# Try it
After locating the line that holds "Zateplená pravou kožušinou", repeat it and each following line exactly until the material ends, skipping pictures.

# Data segment
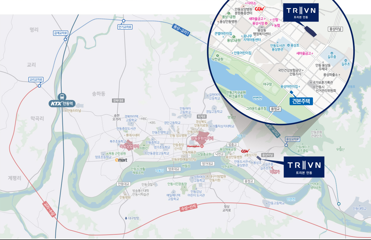 또한 교통 측면에서도 안동IC와의 접근성이 뛰어나 외부 이동이 수월합니다.
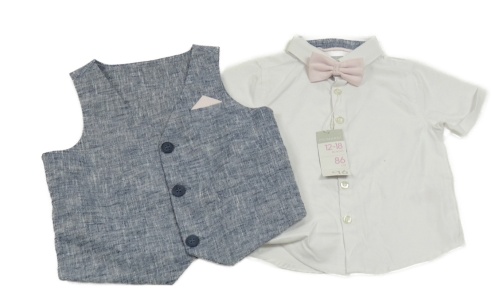 • Nové - 2 set - bílá košile s růžovým motýlkem + tmavomodrá melírovaná společenská vesta Primark
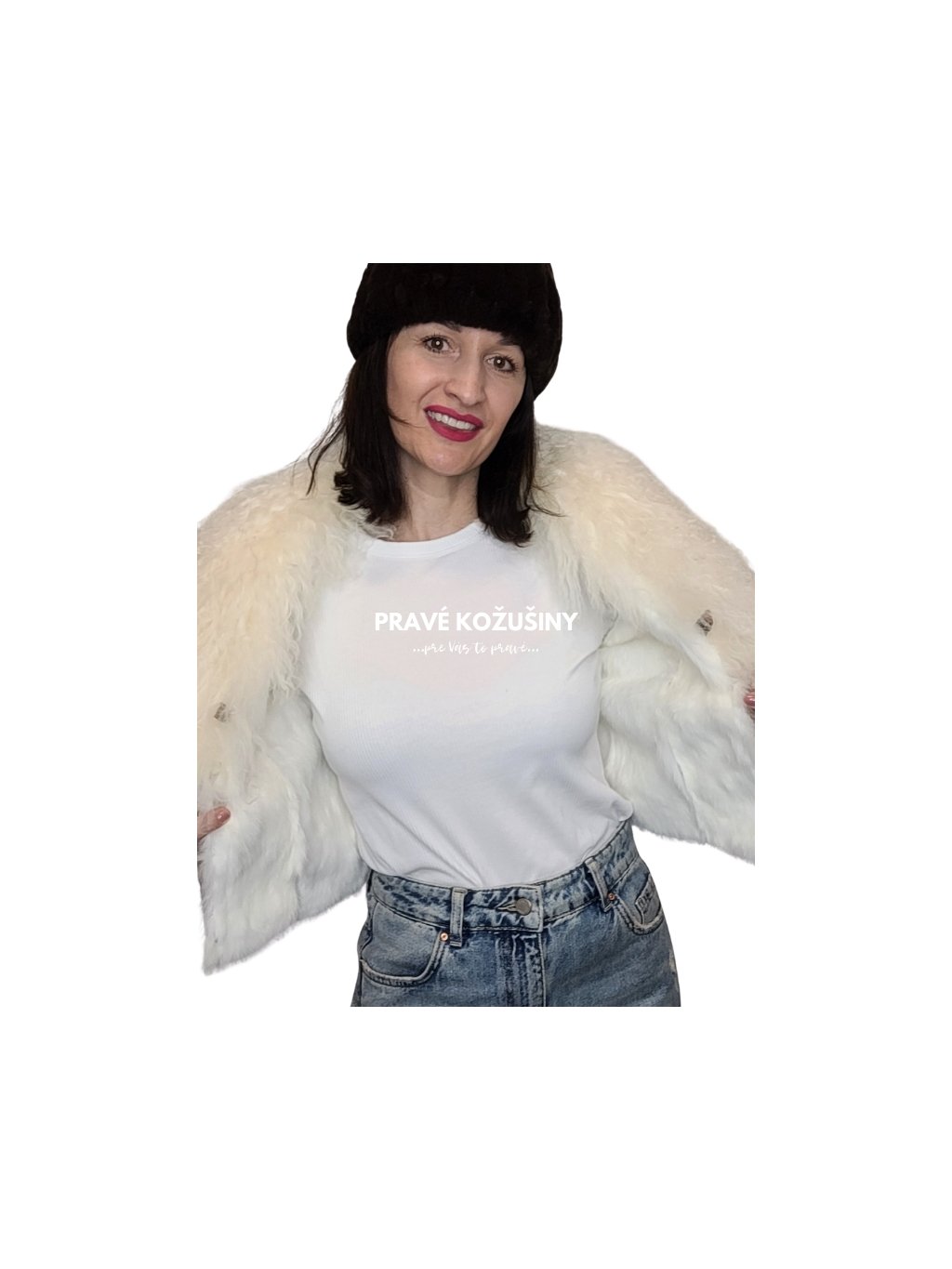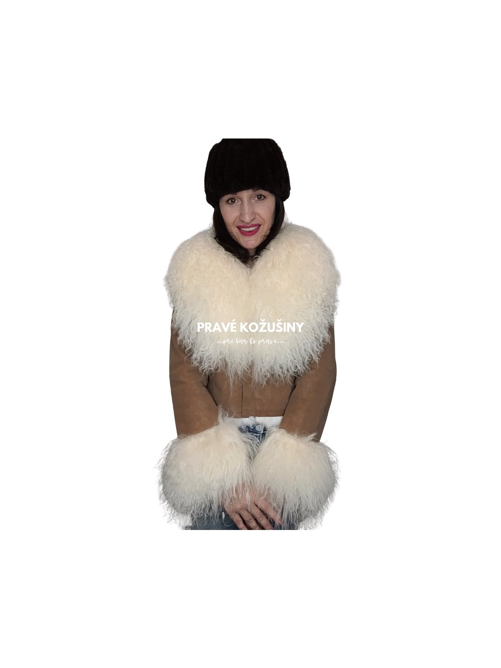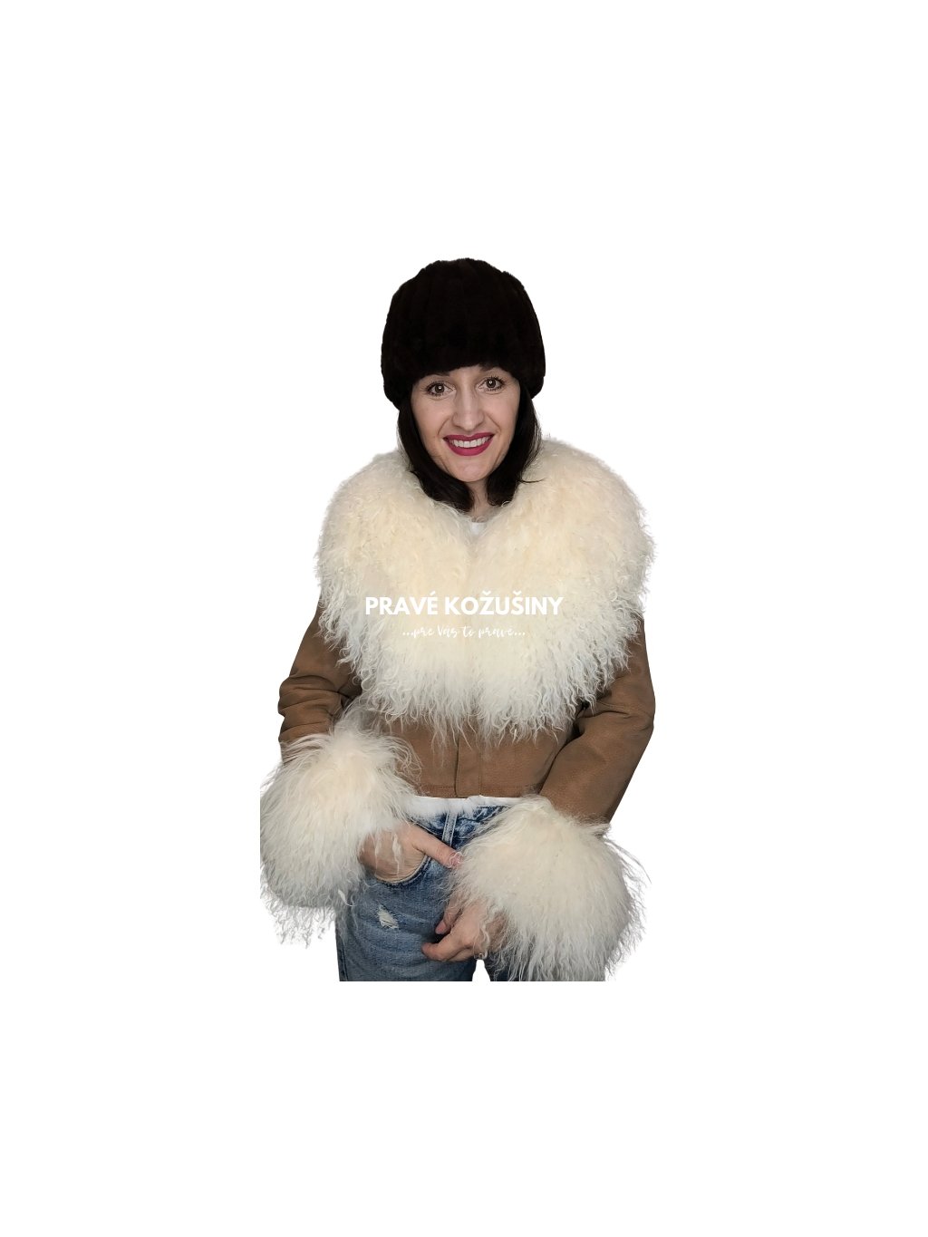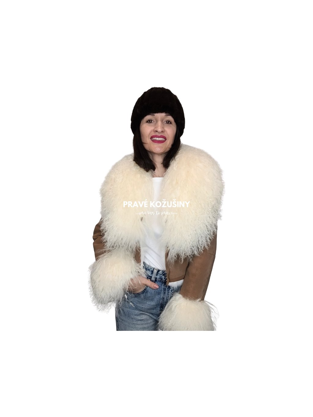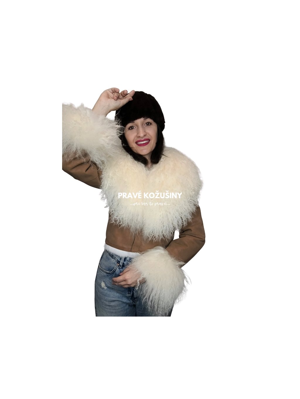 Zateplená pravou kožušinou králika, dámska, semišová (velúrová) bunda s pravou kožušinou mongolskej ovce.
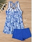 Damen Badeanzug Tankini Zweiteilig Badeanzugkleid Bademode 2 teilig Bescheidene Bademode Urlaub Strandbekleidung Blumen Druck Träger Ärmellos Badeanzüge

# Response below
 Zateplená pravou kožušinou králika, dámska, semišová (velúrová) bunda s pravou kožušinou mongolskej ovce.
 Damen Badeanzug Tankini Zweiteilig Badeanzugkleid Bademode 2 teilig Bescheidene Bademode Urlaub Strandbekleidung Blumen Druck Träger Ärmellos Badeanzüge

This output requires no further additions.